今日は久しぶりにホステルに泊まって、そこで出会ったベラルーシ人2人と過ごした夜の話だ。

ポーランドに住んでいるベラルーシ出身の子たちで、ジョージアを一緒に旅していた。

ホステルに戻ってきた理由

バトミで1ヶ月間ずっとアパートに住んでいた。

その間、自分のスパークを失っていくような感覚があった。ずっと1人でいると、コミュニケーション能力も下がっていく。なんだか難しいな、と思いながら生活していた。

ホステルって、出会いの場所だと思う。安いから行くんじゃなくて、出会いを求めて行くという人もたくさんいる。ホテルには厚い壁がある。ホステルにはそれがない。だから人との出会いが自然と生まれる。改めてそういう場所に飛び込みたいと思って、ホステルに泊まることにした。

自分のコンフォートゾーンから飛び出して、自分から「Where are you from?」と聞くようにしよう、と決めた。

そうしたら、いつの間にか3人くらいに話しかけることができていた。日本人の人、ロシア人の人、アラビア人の人。別に友達になったわけじゃないけれど、普通に日常の話ができた。そこで達成感があった。

今まで本当にできなかったことだった。いつも相手から「Where are you from?」と聞かれて、相手が心を開いてくれてから、自分も開く、というやり方をしてきた。でも今日は、自分が先に心を開いた。相手がそれに対して開いてくれる。自分が主導になっている。それがすごく大きな挑戦だったし、突破できたことが本当に嬉しかった。

ロビーでの出会い

チェックアウトの朝、ロビーに2人の子がいた。

何もせず、ずっとぼーっとしていた。何してるんだろう、この子たちと思いながら、普通に声をかけてみた。

「Where are you from?」

ちょっと怖い表情だったから最初は怖かった。でも話してみたら、彼らはベラルーシ出身で、今ジョージアを旅行しているらしかった。

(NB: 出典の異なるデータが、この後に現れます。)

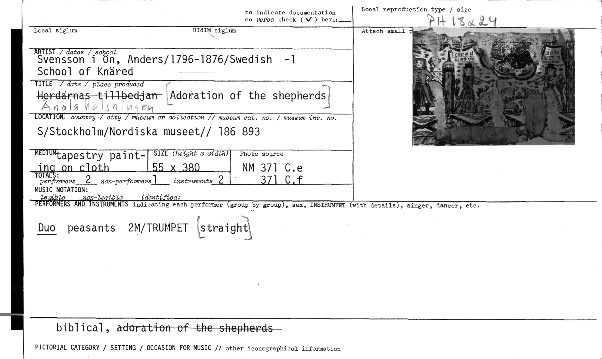 //// to indicate documentation //// on verso check (V ) here:- //// Local reproduction type / size //// 411 //// Local siglum RIdIM siglum //// ARTIST / dates / school //// i //// Svensson ön, Anders/1796-1876/Swedish -1 //// School of Knäred //// TITLE / date / place produced //// Herdiårnas-t4444ed-jan Adoration of the shepherds? //// LOCATIOW country / city / museum or collection // museum cat. no. / museum inv. no. //// S/Stockholm/Nordiska museet// 186 893 //// /-f\HYt i6 //// Attach small //// mopp- //// -Ldpestry pal nt- SIZE (hetght x xtdth) //// on cloth 55 x 380 //// per formers 2 non-performers1 instruments 2 Photo source //// NM 371 C.e 371 C.f //// MUSIC NOTATION: //// leaible non-legible identified; //// PERFORMERS AND INSTRUMENTS indicating each performer (group by //// Duo peasants 2M/TRUMPET Estraight //// group), sex, INSTRUMENT (with details), Singer, dancer, etc. //// biblical, advratte-n-*-of the shepherds //// PICTORIAL CATEGORY / SETTING / OCCASION FOR MUSIC // other iconographical information ////

男の子と女の子のカップルで、今回は彼女を連れてきたのだと言った。

男の子——ジェーニャはジョージアに来るのが3回目だという。自分のルーツにジョージアの血が入っているから、もっとジョージアについて知りたくて旅をしているらしい。いろんな国に行きながら冒険しているのだと話してくれた。

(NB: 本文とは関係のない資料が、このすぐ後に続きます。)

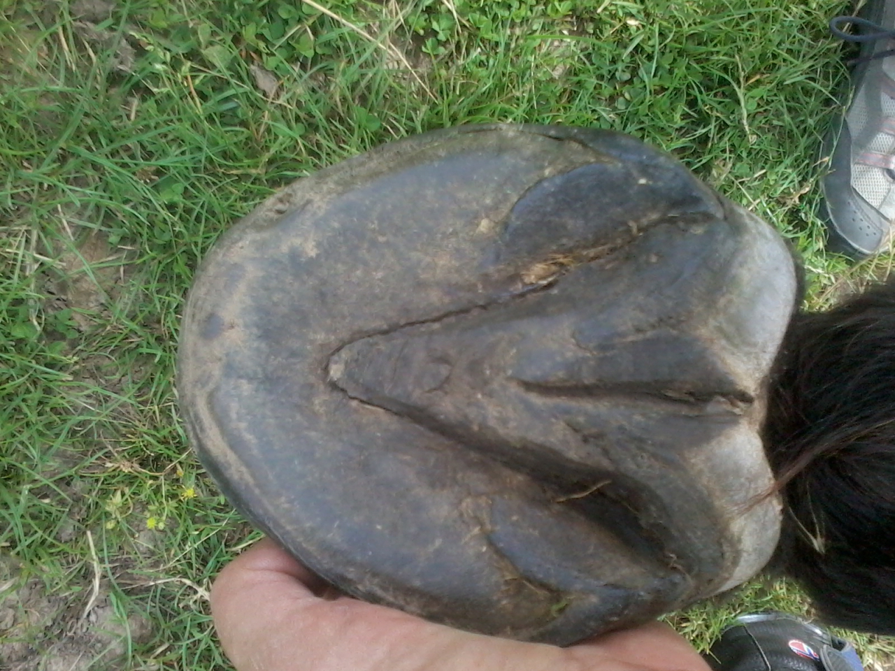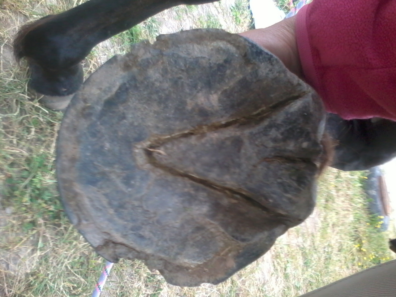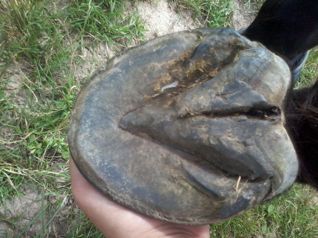 | Dire merci | Salut carococo je voulais avoir des nouvelles de tes pieds de PS. Après bien des misères j'ai fait déferré mon réformé des courses, qui défferrait et cassait de la corne, ça devenait dangereux. Les postérieurs ça va, je les ai déférrés et j'ai pu monter en carrière après 5/6 jours sans problème. Pas de sensibilité. Déferrage des antérieurs : boiterie au pré pendant 8 jours, et depuis ça va au pré mais extrème sensibilité ( je pense que mon cheval est très expressif à la douleur aussi). Il n'avance pas même avec des sandales. Par exemple il n'est pas montable même en carrière,il est trop mal à l'aise. Je viens de lui acheter des semelles pour mettre dans ses sandales.... En gros : combien de temps pour que les pieds s'améliorent ? Est ce que c'est juste la forme du pied qui s'améliore ou aussi la corne ? Mon cheval est au pré, mange de l'herbe et du foin ceci depuis décembre. Je vais le voir en pension 4 fois / semaine. Je nouris le sabot avec de la graisse à chaque fois. Je donne des cures de biotine 2 x par an. Il a la corne fine et friable. Le pied plat (plus que le premier en photo). Je vais faire venir un pareur spécialisé dans le pieds nu, mais je vois bien que c'est pas simple pour un PS. Ca me rassurerait d'avoir un délais aproximatif pour voir si ça suit un cours normal... |

もともと2人はベラルーシ出身だけれど、2020年のデモをきっかけにベラルーシを出て、ポーランドに来たそうだ。

そんなことを話しながら、ウパリサケリ(霧がかかる崖)に行くかどうかという話もした。霧がある日とない日があるから、その日の天気を見極めることが大事だと教えてくれた。明日行くかどうか迷っているらしかった。

そしたらカメラの話になった。ジェーニャがソニーの600を持っていて、趣味の話になって、気づいたらInstagramを交換していた。

その瞬間がめちゃくちゃ嬉しかった。

「Where are you from?」と声をかけたこと。普段だったら絶対言わなかった。でもそれを言ったことによって、こうやって友達になってInstagramまで交換できた。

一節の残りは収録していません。